From the records below, please print only the lines from the one containing "Lotus Oil Painting" through the one containing "KAKA 醬燒蝦餅 80g 辣味 ❘ 台南蝦餅 伴手禮 安平 零食KAKA", both included. Skip the pictures.

LISTED ENTRIES:
►

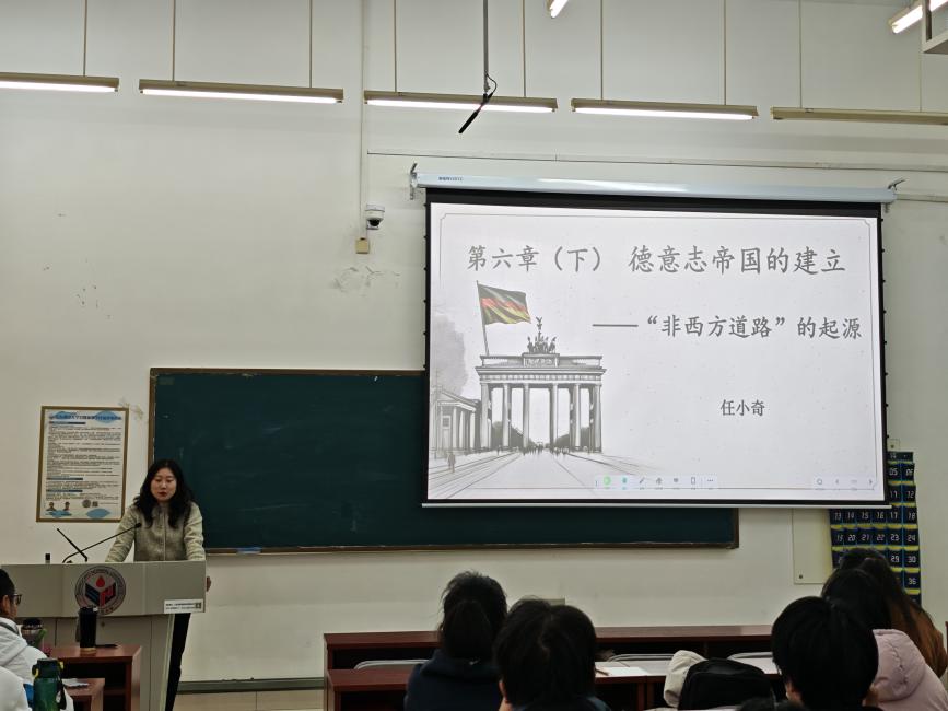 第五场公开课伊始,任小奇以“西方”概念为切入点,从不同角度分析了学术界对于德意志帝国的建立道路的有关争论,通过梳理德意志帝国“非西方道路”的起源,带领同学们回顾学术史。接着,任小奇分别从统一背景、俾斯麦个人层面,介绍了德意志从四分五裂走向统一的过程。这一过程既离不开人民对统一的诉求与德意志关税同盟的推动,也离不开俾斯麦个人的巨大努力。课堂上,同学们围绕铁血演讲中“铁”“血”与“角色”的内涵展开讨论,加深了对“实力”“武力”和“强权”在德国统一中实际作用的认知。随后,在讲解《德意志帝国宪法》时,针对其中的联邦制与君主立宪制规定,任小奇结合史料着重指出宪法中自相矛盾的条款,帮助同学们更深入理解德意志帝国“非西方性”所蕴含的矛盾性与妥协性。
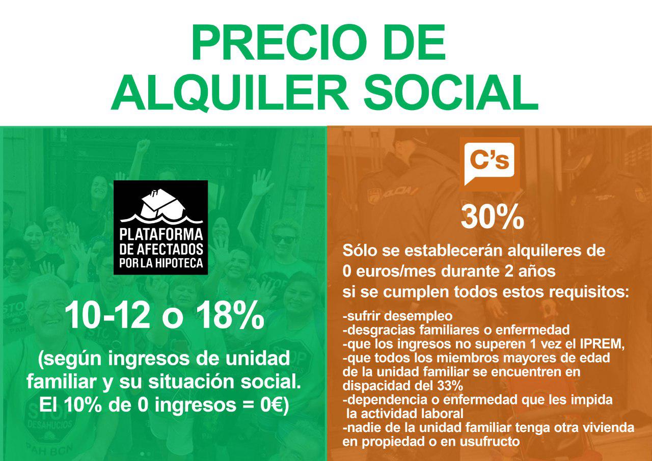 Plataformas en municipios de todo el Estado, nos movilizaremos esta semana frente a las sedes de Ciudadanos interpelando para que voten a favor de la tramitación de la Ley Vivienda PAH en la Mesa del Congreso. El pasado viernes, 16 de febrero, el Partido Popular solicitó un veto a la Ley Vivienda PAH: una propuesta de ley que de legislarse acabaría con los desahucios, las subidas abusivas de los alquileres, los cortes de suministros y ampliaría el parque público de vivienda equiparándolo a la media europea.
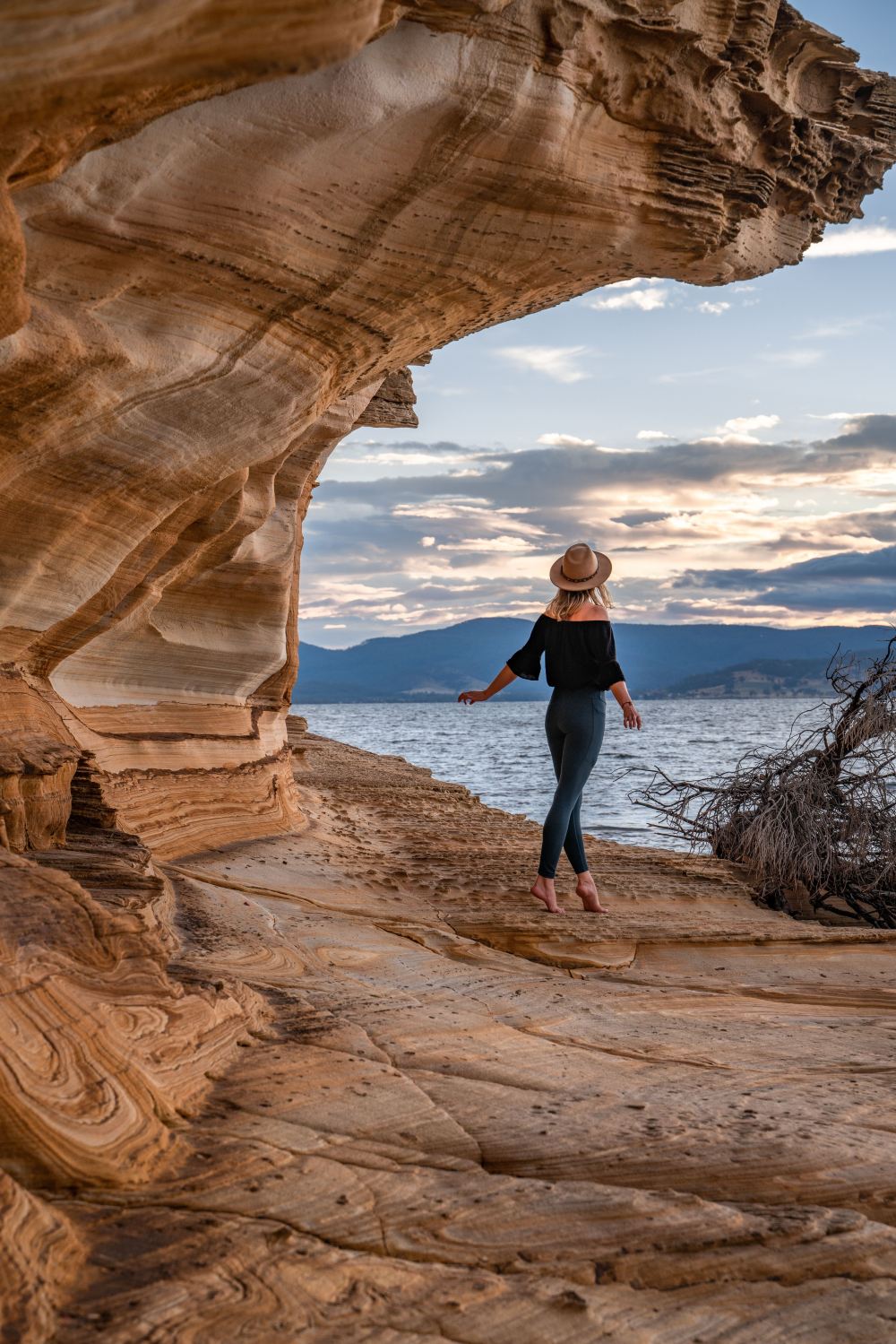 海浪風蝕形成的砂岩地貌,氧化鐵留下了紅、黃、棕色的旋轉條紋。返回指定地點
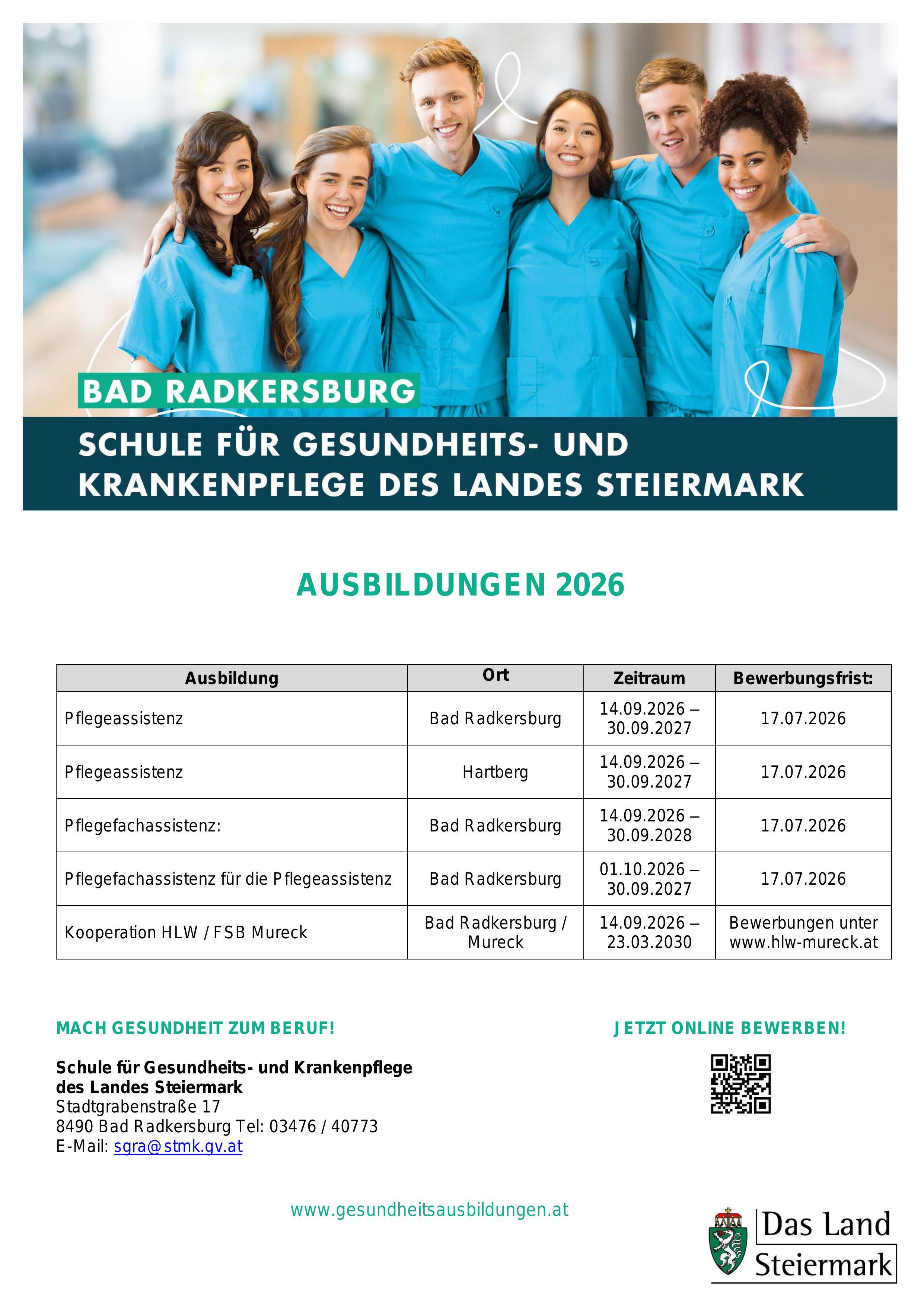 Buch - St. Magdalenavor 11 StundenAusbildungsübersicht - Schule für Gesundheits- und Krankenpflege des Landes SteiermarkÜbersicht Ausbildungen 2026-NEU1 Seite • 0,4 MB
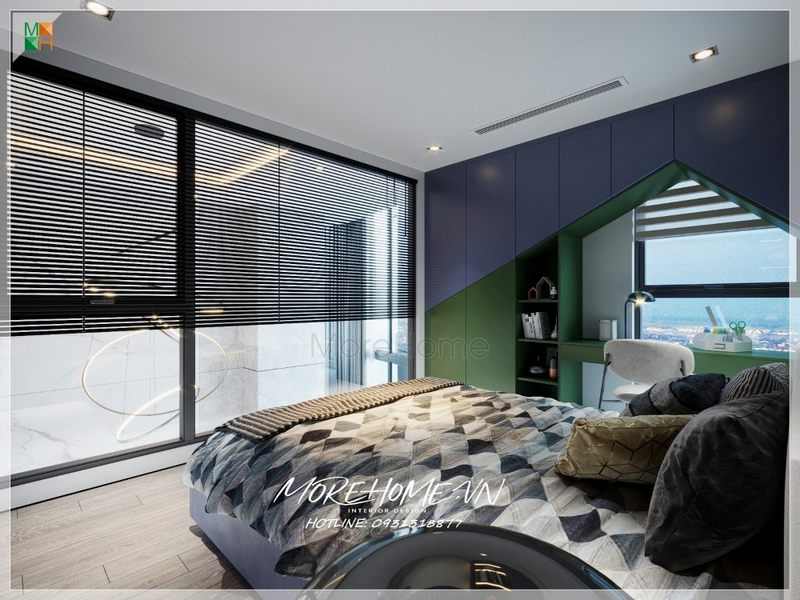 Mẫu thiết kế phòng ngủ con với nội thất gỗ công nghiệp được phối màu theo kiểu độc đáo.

◄
►

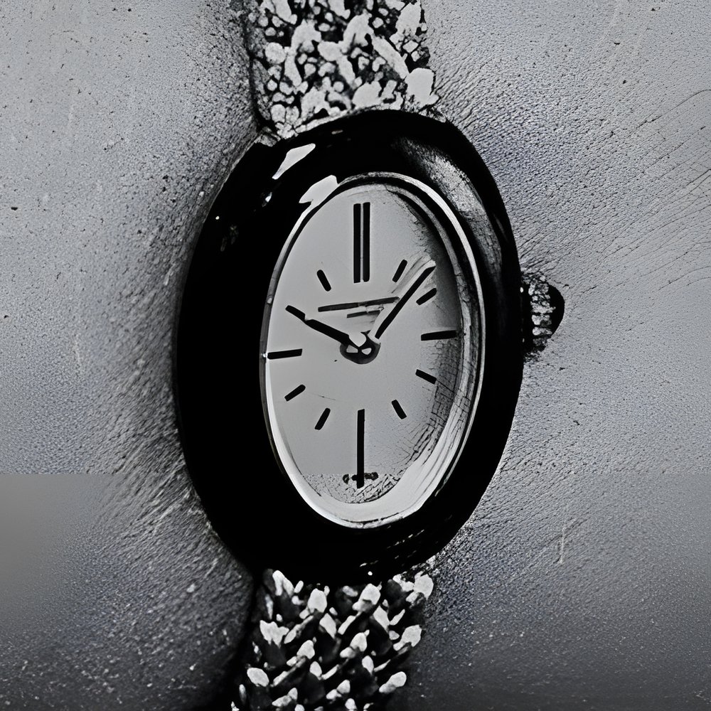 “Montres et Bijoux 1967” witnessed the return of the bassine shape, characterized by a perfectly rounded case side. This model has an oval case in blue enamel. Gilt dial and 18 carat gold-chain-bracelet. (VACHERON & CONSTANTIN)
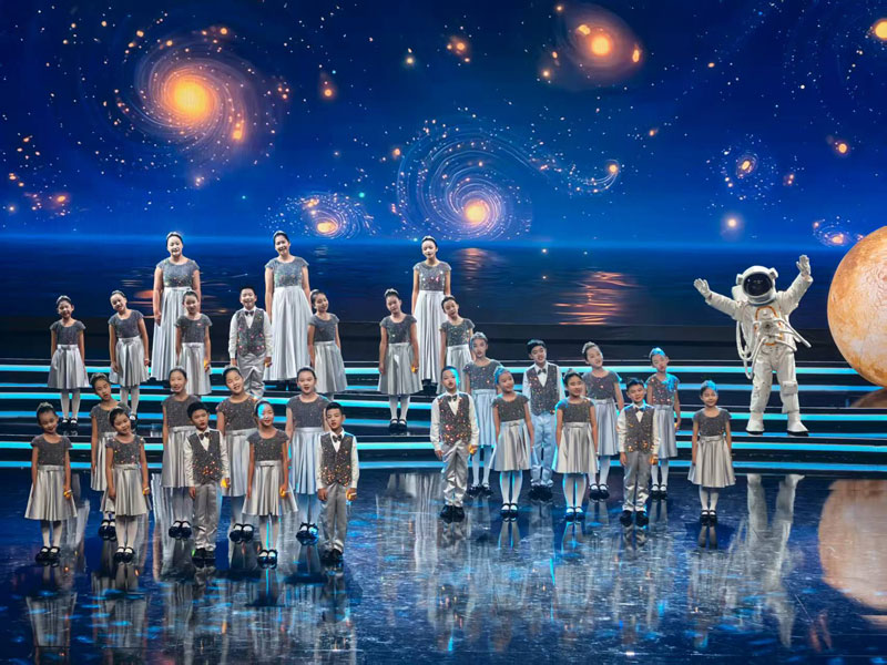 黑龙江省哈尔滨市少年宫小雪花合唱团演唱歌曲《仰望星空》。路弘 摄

◄
►

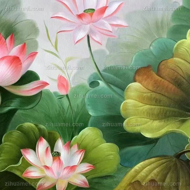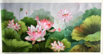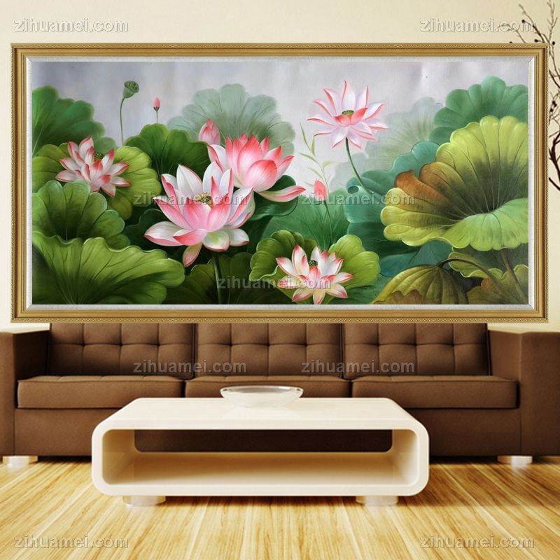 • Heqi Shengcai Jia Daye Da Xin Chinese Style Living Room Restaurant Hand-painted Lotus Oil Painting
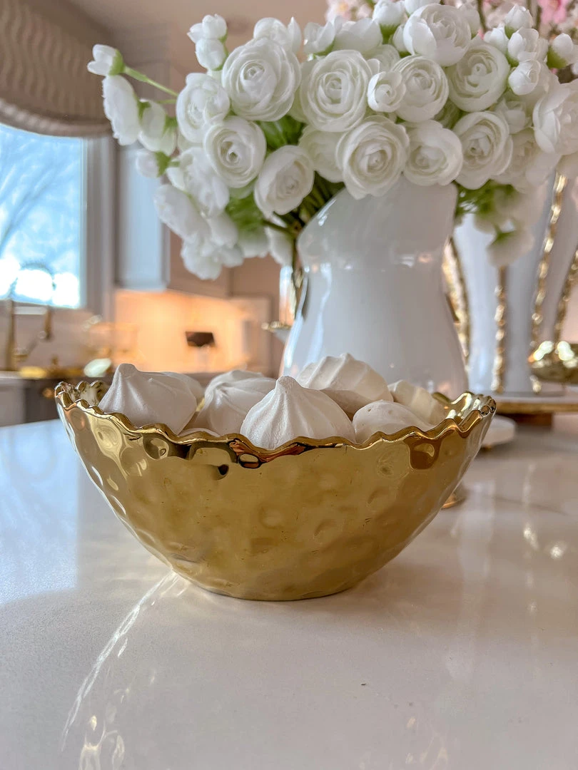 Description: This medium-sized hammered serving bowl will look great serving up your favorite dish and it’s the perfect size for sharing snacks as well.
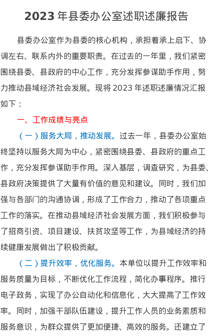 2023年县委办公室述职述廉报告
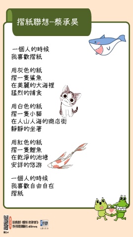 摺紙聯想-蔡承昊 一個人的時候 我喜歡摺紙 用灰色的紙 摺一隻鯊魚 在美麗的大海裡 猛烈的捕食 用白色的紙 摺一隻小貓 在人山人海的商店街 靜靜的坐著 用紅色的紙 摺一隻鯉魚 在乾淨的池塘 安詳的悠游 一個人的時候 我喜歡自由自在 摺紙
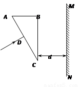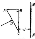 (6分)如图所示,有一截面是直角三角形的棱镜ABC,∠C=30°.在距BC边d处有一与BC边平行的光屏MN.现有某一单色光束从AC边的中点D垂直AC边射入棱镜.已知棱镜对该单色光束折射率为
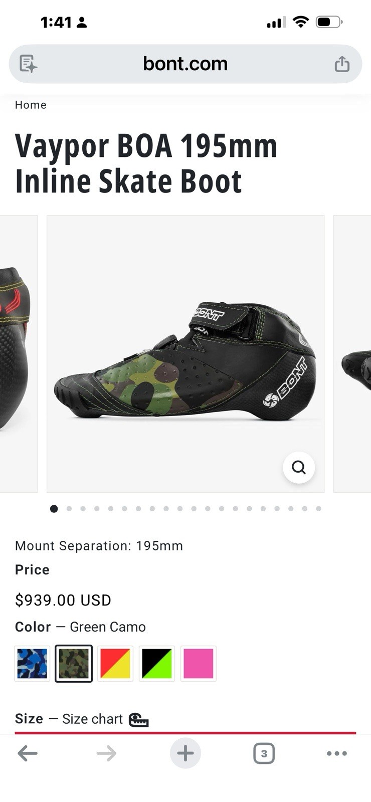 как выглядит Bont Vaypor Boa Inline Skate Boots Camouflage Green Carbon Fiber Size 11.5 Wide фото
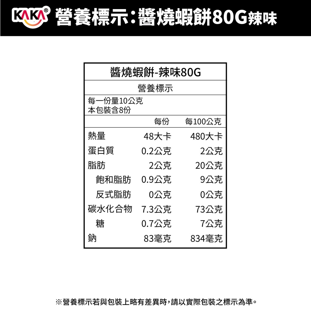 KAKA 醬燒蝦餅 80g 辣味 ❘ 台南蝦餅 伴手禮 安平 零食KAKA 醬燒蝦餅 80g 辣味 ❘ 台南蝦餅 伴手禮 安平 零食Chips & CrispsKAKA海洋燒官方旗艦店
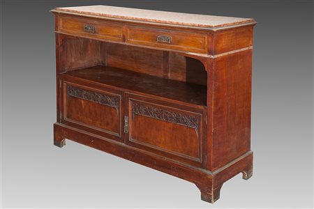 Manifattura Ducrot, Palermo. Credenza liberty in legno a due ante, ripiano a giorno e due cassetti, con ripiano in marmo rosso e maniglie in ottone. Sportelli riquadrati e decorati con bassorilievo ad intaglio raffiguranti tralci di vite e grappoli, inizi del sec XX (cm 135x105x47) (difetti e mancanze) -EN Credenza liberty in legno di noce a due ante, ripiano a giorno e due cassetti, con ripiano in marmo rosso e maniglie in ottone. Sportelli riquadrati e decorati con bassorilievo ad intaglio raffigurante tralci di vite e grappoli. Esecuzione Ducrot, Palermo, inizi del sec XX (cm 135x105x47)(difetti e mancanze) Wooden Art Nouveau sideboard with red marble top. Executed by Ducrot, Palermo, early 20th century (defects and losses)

◄

SOLUTION:
 • Heqi Shengcai Jia Daye Da Xin Chinese Style Living Room Restaurant Hand-painted Lotus Oil Painting
 Description: This medium-sized hammered serving bowl will look great serving up your favorite dish and it’s the perfect size for sharing snacks as well.
 2023年县委办公室述职述廉报告
 摺紙聯想-蔡承昊 一個人的時候 我喜歡摺紙 用灰色的紙 摺一隻鯊魚 在美麗的大海裡 猛烈的捕食 用白色的紙 摺一隻小貓 在人山人海的商店街 靜靜的坐著 用紅色的紙 摺一隻鯉魚 在乾淨的池塘 安詳的悠游 一個人的時候 我喜歡自由自在 摺紙
 (6分)如图所示,有一截面是直角三角形的棱镜ABC,∠C=30°.在距BC边d处有一与BC边平行的光屏MN.现有某一单色光束从AC边的中点D垂直AC边射入棱镜.已知棱镜对该单色光束折射率为
 как выглядит Bont Vaypor Boa Inline Skate Boots Camouflage Green Carbon Fiber Size 11.5 Wide фото
 KAKA 醬燒蝦餅 80g 辣味 ❘ 台南蝦餅 伴手禮 安平 零食KAKA 醬燒蝦餅 80g 辣味 ❘ 台南蝦餅 伴手禮 安平 零食Chips & CrispsKAKA海洋燒官方旗艦店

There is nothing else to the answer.